Nel film si seguono i concerti dei Joy Division, e si rimane affascinati dai movimenti e dagli sguardi dell’ attore che recita la parte di Curtis. Si nota il suo sguardo perduto, la camicia bagnata di sudore, i suoi movimenti sincopati con le braccia a mulino, un ballo dove probabilmente lui voleva impersonificare se stesso epilettico, quasi a volerla scacciarla via rendendola ridicola.
E poi l’incontro con l’ impresario, i primi passaggi televisivi, la nascita della figlia di Curtis, e il suo nuovo amore per una giornalista conosciuta durante un concerto. Si capisce che la spirale inizia a girare male verso la fine. I Joy Division sottoscrivono un contratto con una major statunitense. Devono andare negli states per diversi concerti e passaggi televisivi. Qualche giorno prima Ian Curtis entra nella casa dove abita sua moglie e sua figlia e s’impicca al soffitto usando una corda. Aveva 23 anni. I joy division finiscono, ma rimane la loro musica che è di notevole qualità. Insomma il film non è male. Fatto molto bene, cupo quanto basta, musica bellissima, ma qualche giorno dopo ho veramente capito cosa abbia significato “Control” per me.
Dopo qualche giorno appunto, mi butto su google e digito “ joy division” e navigo tra trattati di wikipedia e qualche sito di fan. Ne trovo un paio su youtube e ci vado. E rimango veramente colpito da quello che vedo.
Vedo i veri Joy Division che cantano in un passaggio televisivo, sulla BBC. Lo stesso del film. Si vede Ian Curtis che canta, che ha lo sguardo perso, che ha la camicia nera bagnata di sudore, che fa quel ballo strano, ipnotico, pieno di dolore e di richiami ancestrali. Mi fermo. Quello è Ian Curtis , o Ian Curtis è quello del film. Si, l’ attore …… è stato premiato dappertutto, si è immedesimato talmente bene nel personaggio che è diventato lui. Abbiamo visto Jack LaMotta-De Niro, abbiamo visto veri Ray Charles, Edith Piaf, persino cloni di Giovanna d’ Arco. Ma io chi ho visto veramente?
Se non fossi andato a cercare i filmati su internet, saprei comunque come era, come cantava, come ballava Ian Curtis. Quello era la mia realtà che fino a quel momento era la mia unica realtà. Un po il concetto che la verità non sempre è il vero, ma dipende dalle sfumature. Qui quello che ho vissuto è stato notevolmente diverso. Non è solo la questione di vivere una recitazione talmente capillare che diventa essa stessa realtà, ma bensì una finzione che è realtà fino a che non si vede la realtà vera.

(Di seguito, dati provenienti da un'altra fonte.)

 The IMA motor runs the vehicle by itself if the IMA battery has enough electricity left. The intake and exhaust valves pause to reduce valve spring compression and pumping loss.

Insomma, Control mi ha dato tutte le informazioni, grazie alla sceneggiatura, regia e recitazione, della storia di un uomo. Ciò che in quel momento è finzione, è di fatto una realtà. Una finzione che rasenta la verità. Rimango colpito dalla forza di questa dicotomia, ma soprattutto dalla consapevolezza che mi viene sbattuta in faccia in quel momento.

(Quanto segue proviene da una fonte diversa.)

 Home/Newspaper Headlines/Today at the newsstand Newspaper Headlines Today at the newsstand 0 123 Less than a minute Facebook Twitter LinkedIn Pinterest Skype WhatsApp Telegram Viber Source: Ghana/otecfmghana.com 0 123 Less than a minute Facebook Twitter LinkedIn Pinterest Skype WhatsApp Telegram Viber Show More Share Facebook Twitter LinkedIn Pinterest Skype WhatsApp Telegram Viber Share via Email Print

Io vedo il vero Ian Curtis che si dimena sullo schermo di un computer, ma ne ho visto uno uguale sulla mia telvisione. Sono identici, veri, perfetti….entrambi. Ma uno è verità, l’altro è finto. Quante volte, mi chiedo, quante volte io, noi, ci siamo fatti colpire da una finzione, vivendola per una verità. Quante delusioni in meno avremmo potuto vivere se non avessimo vissuto questo. Quanti amori immaginari. Quante volte non avremmo potuto dire “mi hai deluso, credevo tu fossi diverso” . Forse è questa una delle bellezze della vita, uno dei misteri che nonostante le cicatrici ci da la voglia di guardare gli occhi di qualcuno e chiederci “ ma quello che sta dicendo, fa parte di quale realtà?